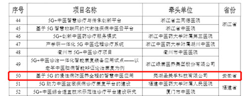 8月17日,中華人民共和國工業(yè)和信息化部官方網(wǎng)站發(fā)布了“5G+醫(yī)療健康應(yīng)用試點(diǎn)項(xiàng)目名單”,由蕪湖圣美孚科技有限公司牽頭,聯(lián)合蕪湖市中醫(yī)醫(yī)院、蕪湖市高科電子有限公司、安徽中醫(yī)藥高等?茖W(xué)校、中國電信股份有限公司蕪湖分公司、天津理工大學(xué)五家單位共同申報的《基于5G的慢性病防醫(yī)養(yǎng)全程的智慧中醫(yī)應(yīng)用》項(xiàng)目成功入選此次應(yīng)用試點(diǎn)項(xiàng)目名單,也是安徽省入選“5G+中醫(yī)診療”方向名單的項(xiàng)目。
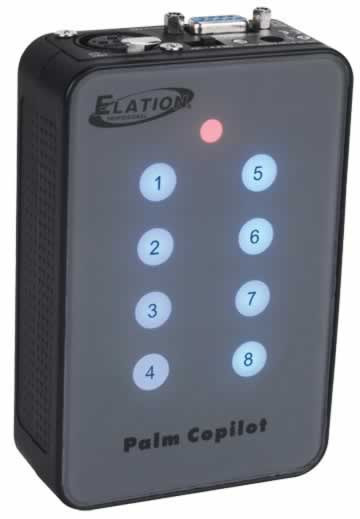 The American DJ PALM COPILOT compact 8-channel DMX/Analog touch sensitive lighting controller let's you control your lights from the palm of your hand! Works with DMX power pack or Light Copilot relay pack. Can be powered by 9V battery.
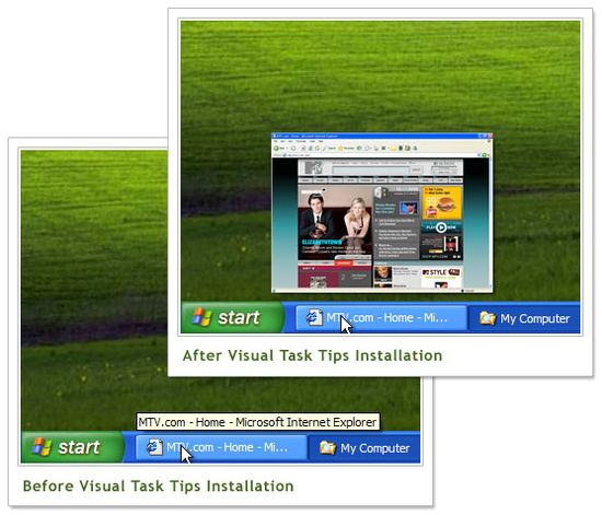 Vista有一个功能,是可以让我们将鼠标游标移到工具栏的项目上,就会显示出该视窗的内容.现在,只要安装了 Visual Task Tips 让我们的 Windows XP 也能有同样的效果了,Visual Task Tips 是非常洁简,且易于使用的,需要任何设置调整,只要安装到我们 Windows XP 操作系统上,就可以达到跟 Vista 同样的任务栏效果,而且,它还是个免费的软件.
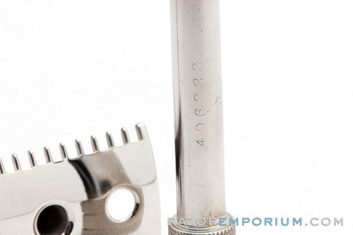 A beautiful razor from 1905 featuring open comb guard and balanced handle. The standard set was produced for the man who wanted to shave themselves and aided in Gillette's cause of making shaving accessible away from the barbershop and convenient for businessmen. Teeth are straight and ready to shave. Original silver plating requires constant upkeep so we upgraded the finish with superior Rhodium! Rhodium shines just as bright and white and will never tarnish. Super durable, aggressive shaver, this set has been cleaned and sanitized.
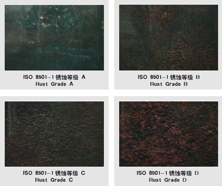 鋼材表面的銹蝕程度分別以A、B、C 和D 四個銹蝕等級表示,文字描述如下:
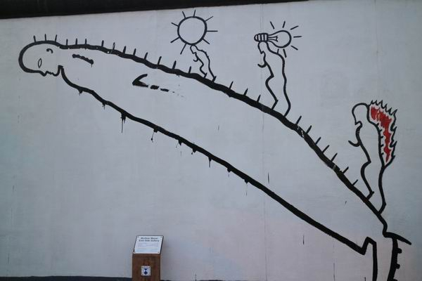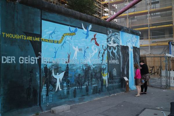 这幅画是《精神如鸟儿在空中的足迹》,人的思维完全不可能被囚禁,即便柏林墙挡住了人的肉体,但是思想会自由翱翔。
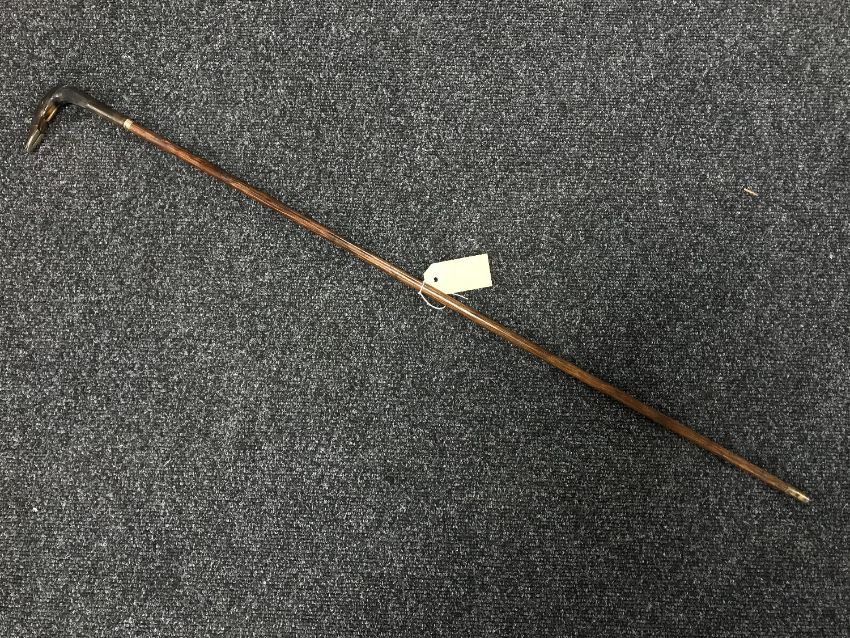 A Victorian cane sword stick with horn grip, the white metal collar with inscription 'Presented to Mr A Nicol by Mr Franklin, Bermuda, May 1865, length 90 cm.
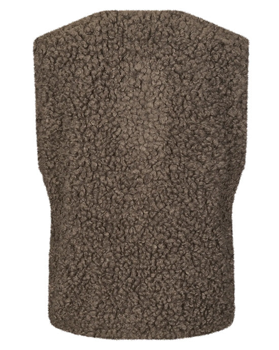 The Vada vest in dark mocha is a lovely new addition from Lollys Laundry. The soft and cosy teddy vest features a round neckline and front button closure. The pockets and edges are finished with tone-on-tone faux leather trims, adding an exclusive touch. It can also be styled over jackets for a cool layered look and extra warmth.

• **Goal of the exercise**: Take the line that contains "A beautiful razor" and every line after it down to the last line of the entries above, and output them exactly, with nothing else and no pictures.

• **Written solution**:
 A beautiful razor from 1905 featuring open comb guard and balanced handle. The standard set was produced for the man who wanted to shave themselves and aided in Gillette's cause of making shaving accessible away from the barbershop and convenient for businessmen. Teeth are straight and ready to shave. Original silver plating requires constant upkeep so we upgraded the finish with superior Rhodium! Rhodium shines just as bright and white and will never tarnish. Super durable, aggressive shaver, this set has been cleaned and sanitized.
 鋼材表面的銹蝕程度分別以A、B、C 和D 四個銹蝕等級表示,文字描述如下:
 这幅画是《精神如鸟儿在空中的足迹》,人的思维完全不可能被囚禁,即便柏林墙挡住了人的肉体,但是思想会自由翱翔。
 A Victorian cane sword stick with horn grip, the white metal collar with inscription 'Presented to Mr A Nicol by Mr Franklin, Bermuda, May 1865, length 90 cm.
 The Vada vest in dark mocha is a lovely new addition from Lollys Laundry. The soft and cosy teddy vest features a round neckline and front button closure. The pockets and edges are finished with tone-on-tone faux leather trims, adding an exclusive touch. It can also be styled over jackets for a cool layered look and extra warmth.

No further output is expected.